I haven’t watched either of the show btw so if it’s explained in the show please tell me plsssss
OK, SO the bug thing is not technically canon to the series. It's based on my own headcanons for fairy biology, but i do have justifications for it!! Fairies have very strong shape-shifting abilities, so it would make sense that the form they show to humans isn't necessarily their true form(not to mention extreme that mimicry is very common in insects). And you want to know the visible traits almost every fairy has in common? Being very small with Insect-like wings.
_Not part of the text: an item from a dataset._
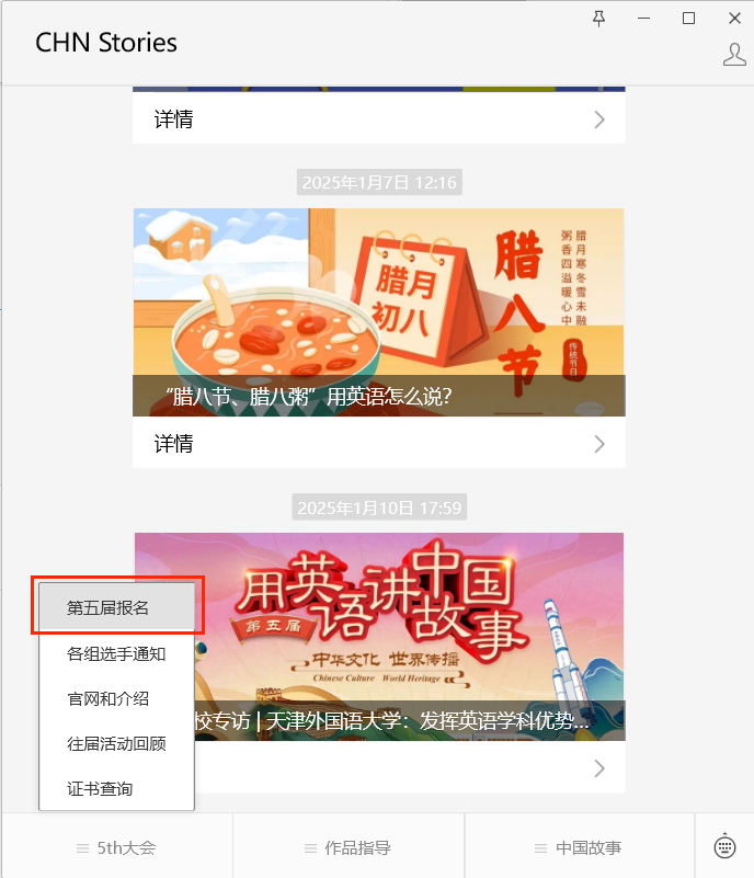 请各位选手同步报名并且提交作品至用英语讲中国故事微信公众号“CHN stories”或者扫描二维码进行报名。
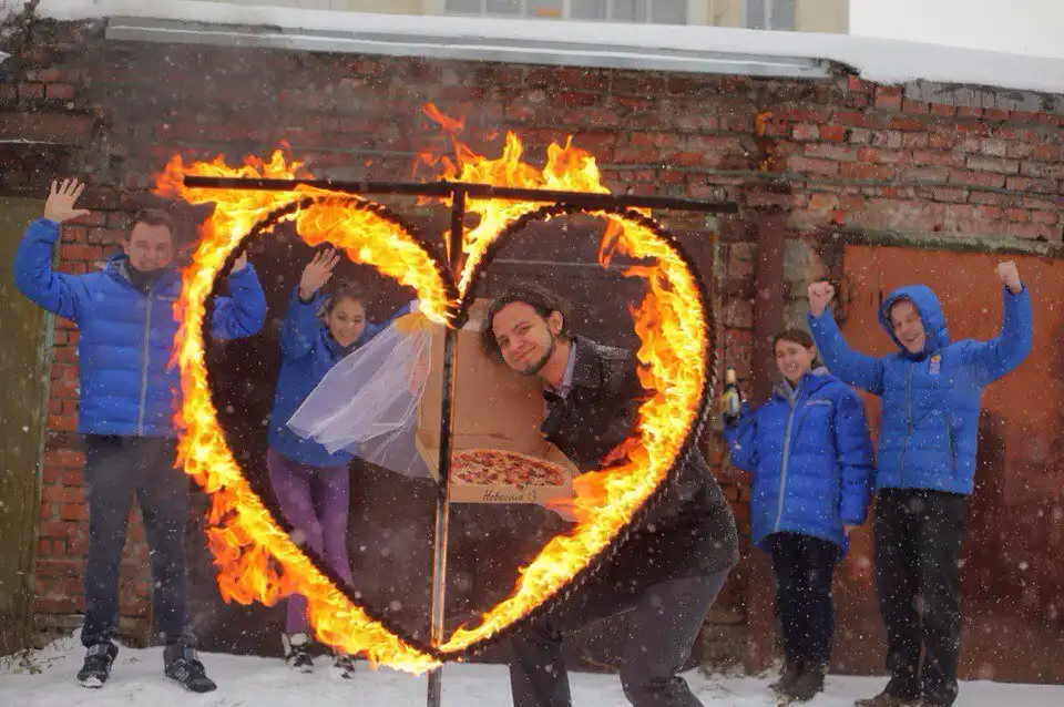 Отслушав вальс Мендельсона и получив свидетельство о браке, новоиспеченные "супруги" отправились на романтическую прогулку в сопровождении фотографа. Вернувшись к офису доставки, "молодые" с удивлением обнаружили, что на улице их ожидало настоящее огненное шоу для влюбленных.

The fact that their humanoid form isn't their true form in actually confirmed in the show! Cosmo and Wanda are revealed to look like biblically accurate pseudo-angels in the museum episode. (I say pseudo angels because the Flaming Sword of Eden is only debatably sentient and I don't think is considered an angel. Ophanim are also debatably not angels because they don't have wings (sorry for the angel tangent I like angels))
So wouldn't their true forms be angelic then? Well, yes. But I like bugs so. Also I have more headcanons to justify myself. I like to think that they have both a true-true form (incomprehensible to the human brain, probably exists mostly in a dimension invisible to us, that looks how we imagine biblically accurate angels), and a fairy form (which is visible to humans but is naturally very insect like and tends to scare people). So, in order to interact with humans, they have to learn to shapeshift into a humanoid form but will occasionally slip if they get too relaxed/aren't careful, hence the mandibles coming out when he yawns!
The reason they struggle so much more with human forms than the animals or objects they typically turn into is that, well, they aren't trying to convince those animals or objects. The more human they try to look, the harder it is to keep up convincingly. If you turn into a really uncanny squirrel, only other squirrels will notice. If you turn into a really uncanny human, they form a lynch mob and burn you at the stake.